• RECORDS FOR PROCESSING:
━━━━━━━━━━━━━━━━━━━━━━━━━━━━━━
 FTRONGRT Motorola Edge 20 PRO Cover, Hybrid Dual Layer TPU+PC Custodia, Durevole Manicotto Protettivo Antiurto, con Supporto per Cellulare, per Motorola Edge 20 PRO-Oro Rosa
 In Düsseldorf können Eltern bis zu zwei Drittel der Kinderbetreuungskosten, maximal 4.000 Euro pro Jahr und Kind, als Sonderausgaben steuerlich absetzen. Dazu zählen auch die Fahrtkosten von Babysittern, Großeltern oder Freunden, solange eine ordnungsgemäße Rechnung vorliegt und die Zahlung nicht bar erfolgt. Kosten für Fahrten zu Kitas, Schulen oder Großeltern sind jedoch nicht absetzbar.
━━━━━━━━━━━━━━━━━━━━━━━━━━━━━━
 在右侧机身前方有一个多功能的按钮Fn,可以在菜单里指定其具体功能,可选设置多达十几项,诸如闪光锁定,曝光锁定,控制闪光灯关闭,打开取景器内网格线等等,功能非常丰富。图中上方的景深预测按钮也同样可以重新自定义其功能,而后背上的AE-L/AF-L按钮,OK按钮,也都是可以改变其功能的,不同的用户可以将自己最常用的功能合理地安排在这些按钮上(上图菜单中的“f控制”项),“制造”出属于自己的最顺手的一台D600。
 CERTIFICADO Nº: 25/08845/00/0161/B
━━━━━━━━━━━━━━━━━━━━━━━━━━━━━━
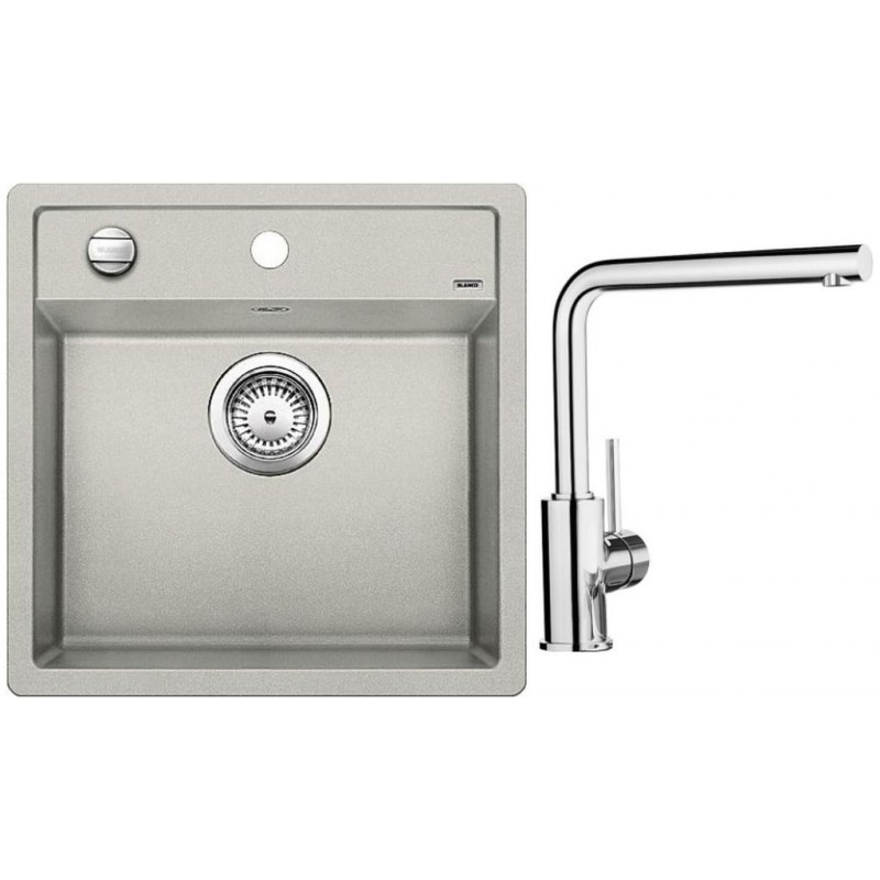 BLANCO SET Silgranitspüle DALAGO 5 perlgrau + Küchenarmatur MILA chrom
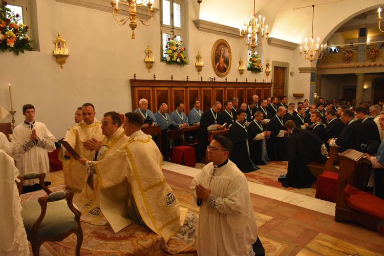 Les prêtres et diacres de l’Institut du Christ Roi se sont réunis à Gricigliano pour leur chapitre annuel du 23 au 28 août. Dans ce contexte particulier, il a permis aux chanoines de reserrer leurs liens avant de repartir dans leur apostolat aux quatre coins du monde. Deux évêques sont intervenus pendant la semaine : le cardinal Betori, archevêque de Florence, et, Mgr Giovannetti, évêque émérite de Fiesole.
━━━━━━━━━━━━━━━━━━━━━━━━━━━━━━
• WORK ITEM:
Copy only what lies between the line with "BLANCO SET Silgranitspüle" and the line with "Les prêtres et", those two lines included, exactly as given above; pictures stay out.

• WRITTEN SOLUTION:
 BLANCO SET Silgranitspüle DALAGO 5 perlgrau + Küchenarmatur MILA chrom
 Les prêtres et diacres de l’Institut du Christ Roi se sont réunis à Gricigliano pour leur chapitre annuel du 23 au 28 août. Dans ce contexte particulier, il a permis aux chanoines de reserrer leurs liens avant de repartir dans leur apostolat aux quatre coins du monde. Deux évêques sont intervenus pendant la semaine : le cardinal Betori, archevêque de Florence, et, Mgr Giovannetti, évêque émérite de Fiesole.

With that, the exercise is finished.